The FCC has voted to begin undoing the net neutrality rules that were put in place just two years ago.
In a 2-to-1 decision, the commission voted to open debate on what are essentially two things: first, a proposal to reverse the Title II designation used to enforce tough net neutrality rules on internet providers; and second, the question of whether the FCC ought to impose any kind of net neutrality rules at all.
Today’s vote doesn’t immediately undo the 2015 Open Internet Order. Instead, it kicks off a public commenting period that will last for several months during which companies, interest groups, and advocates can file their thoughts with the FCC.
It’s not clear which, if any, net neutrality rules will survive
When the comment period closes, likely later this year, the commission will then put forward a finalized proposal, theoretically taking into account those comments, and vote to put that into the rulebooks.
At this point in time, it’s hard to envision the commission not overturning Title II by the end of this proceeding. Two of the three people leading the FCC right now were opposed to that classification in the first place, which means the votes are there to make it happen.
Internet providers and FCC chairman Ajit Pai have tried to separate what they’re doing here — updating the regulatory classification of internet providers — from net neutrality. But the reality is that there’s no way for the FCC to enforce tough net neutrality rules without relying on Title II as a legal backing. So in reversing Title II, the FCC is necessarily gutting its net neutrality rules.
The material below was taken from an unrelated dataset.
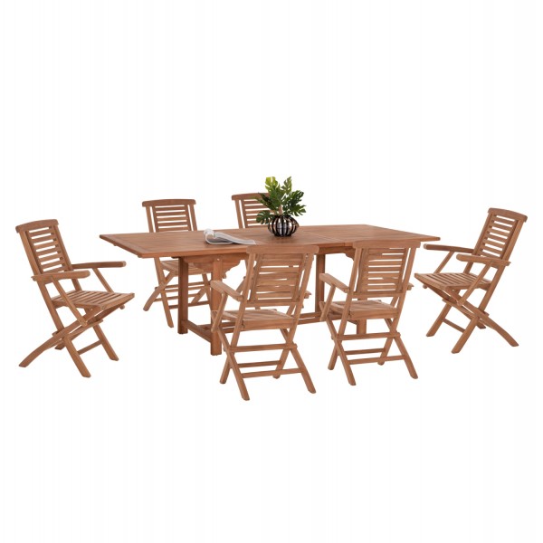 Αυτό το Σετ τραπεζαρίας εξωτερικού χώρου διαθέτει επεκτεινόμενο ορθογώνιο τραπέζι και 6 πτυσσόμενες πολυθρόνες, όλα κατασκευασμένα από ξύλο TEAK σε ΦΥΣΙΚΟ χρώμα.

Today’s vote also opens up a broad inquiry into what, if any, protections the FCC should add to replace the outgoing net neutrality rules. The commission seems skeptical that any net neutrality rules are needed at all, saying at one point that there is “virtually no quantifiable evidence of consumer harm” to guard against.
“The internet was not broken in 2015,” Pai said today. “We were not living in a digital dystopia.”
“A hollow theory of trickle-down internet economics”
The commission’s lone Democrat, commissioner Mignon Clyburn, strongly disagreed that the FCC should lighten its oversight, saying that going through with this proposal “would deeply damage the ability of the FCC to be a champion of consumers and competition in the 21st century.”
Since taking over the agency, Pai has put an emphasis on expanding broadband access to areas of the US that still don’t have any providers. His hope is that by deregulating internet providers and removing restrictions on business models, like the creation of fast and slow lanes, ISPs will have more incentive to build out their networks and reach new customers.
Clyburn strongly disagreed with that that line of thinking. This proposal, she said, “contains a hollow theory of trickle-down internet economics, suggesting that if we just remove enough regulations from your broadband provider, they will automatically improve your service, pass along discounts from those speculative savings, deploy more infrastructure with haste, and treat edge providers fairly.”
During the meeting, Pai read letters from smaller internet providers claiming they had slowed network expansion because of the Title II regulations. “Consider for a moment why these statements are so important,” Pai said. “These are the very companies that are critical for injecting competition into the broadband marketplace, the very companies that are critical to closing the digital divide.”
Pai said the public would have 90 days to leave comments on the proposal.